Filling a byte array in Java

Question

Hey all!

For part of a project I'm working on I am implementing a RTPpacket where I have to fill the header array of byte with RTP header fields.

  //size of the RTP header:
  static int HEADER_SIZE = 12; // bytes

  //Fields that compose the RTP header
  public int Version; // 2 bits
  public int Padding; // 1 bit
  public int Extension; // 1 bit
  public int CC; // 4 bits
  public int Marker; // 1 bit
  public int PayloadType; // 7 bits
  public int SequenceNumber; // 16 bits
  public int TimeStamp; // 32 bits
  public int Ssrc; // 32 bits

  //Bitstream of the RTP header
  public byte[] header = new byte[ HEADER_SIZE ];

This was my approach:

/*      
 * bits 0-1: Version
 * bit    2: Padding 
 * bit    3: Extension
 * bits 4-7: CC
 */
header[0] = new Integer( (Version << 6)|(Padding << 5)|(Extension << 6)|CC ).byteValue();

/* 
 * bit    0: Marker
 * bits 1-7: PayloadType
 */
header[1] = new Integer( (Marker << 7)|PayloadType ).byteValue();

/* SequenceNumber takes 2 bytes = 16 bits */
header[2] = new Integer( SequenceNumber >> 8 ).byteValue();
header[3] = new Integer( SequenceNumber ).byteValue();

/* TimeStamp takes 4 bytes = 32 bits */
for ( int i = 0; i < 4; i++ )
    header[7-i] = new Integer( TimeStamp >> (8*i) ).byteValue();

/* Ssrc takes 4 bytes = 32 bits */
for ( int i = 0; i < 4; i++ )
    header[11-i] = new Integer( Ssrc >> (8*i) ).byteValue();

Any other, maybe 'better' ways to do this?

Answer 1

You can convert an int directly to a byte in Java, without having to create an Integer object.
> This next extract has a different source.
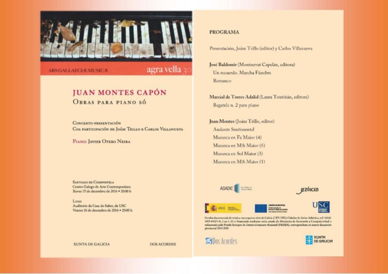 A Consellaría de Cultura e Educación e a editorial Dos Acordes presentaron este mércores en rolda de prensa o primeiro volume das Obras para piano do histórico compositor lugués Juan Montes Capón (1840-1899), considerado un dos máximos expoñentes do rexurdir musical galego. Trátase dunha edición crítica a cargo de Joám Trillo que inclúe un estudo introdutorio realizado polo profesor da USC Carlos Villanueva.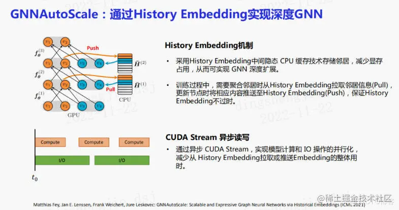 发现PyG的作者的新工作GNNAutoScale能够把一个图神经网络进行自动的深度扩展。它的主要思路是利用CPU的缓存技术,将邻居节点的特征缓存至CPU内存中。当训练图网络时,可以不用实时获取所有邻居的最新表达,而是获取它的历史embedding进行邻居聚合计算。实验发现这样做的效果还是不错的。

An explicit cast is required, because a byte has a narrower range of possible values than an int. For instance:

header[1] = (byte) (Marker << 7 | PayloadType);

Answer 2

There is one problem with such data. Usually protocols use unsigned bytes there and Java has signed bytes. So, for correct byte array fill I usually use such construct:

bytearray[index] = (byte) ((some integer-result calculation) & 0xff);

Simple casting to byte type won't work correctly.

Update. "& 0xff" is not needed here. Simple cast will work.

Answer 3

I think I would use a ByteBuffer

ByteBuffer buf = ByteBuffer.wrap(header);
buf.setOrder(ByteOrder.BIG_ENDIAN);
buf.put((byte)((Version << 6)|(Padding << 5)|(Extension << 6)|CC));
buf.put((byte)((Marker << 7)|PayloadType));
buf.put((short)SequenceNumber);
buf.put(TimeStamp);
buf.put(Ssrc);

Answer 4

in addition to the presented answers give a try to Preon

Answer 5

With Preon, the RtpHeader could be represented like this:

public class RtpHeader {

    @BoundNumber(size = "2")
    public int version;

    @Bound
    public boolean padding;

    @Bound
    public boolean extension;

    @BoundNumber(size="4")
    public int csrcCount;

    @Bound
    public boolean marker;

    @BoundNumber(size="7")
    public int payloadType;

    @BoundNumber(size="16", byteOrder = ByteOrder.BigEndian)
    public int sequenceNumber;

    @BoundNumber(size="32", byteOrder = ByteOrder.BigEndian)
    public int timestamp;

    @BoundNumber(size="32", byteOrder = ByteOrder.BigEndian)
    public int synchronizationSource;

    @BoundList(size="csrcCount")
    public int[] csrcs; 

}

Encoding this to bytes could be as simple as this:

    Codec<RtpHeader> codec = Codecs.create(RtpHeader.class);
    RtpHeader header = new RtpHeader();
    ... // Setting header values
    OutputStream out = ...;
    Codecs.encode(header, codec, out);

However, bear in mind that encoding in Preon is still in early stages. It seems to work, for this particular case, but I am not going to make any guarantees.

The benefit of using Preon is obviously the fact that you don't have to bother writing all of the encoding and decoding logic yourself.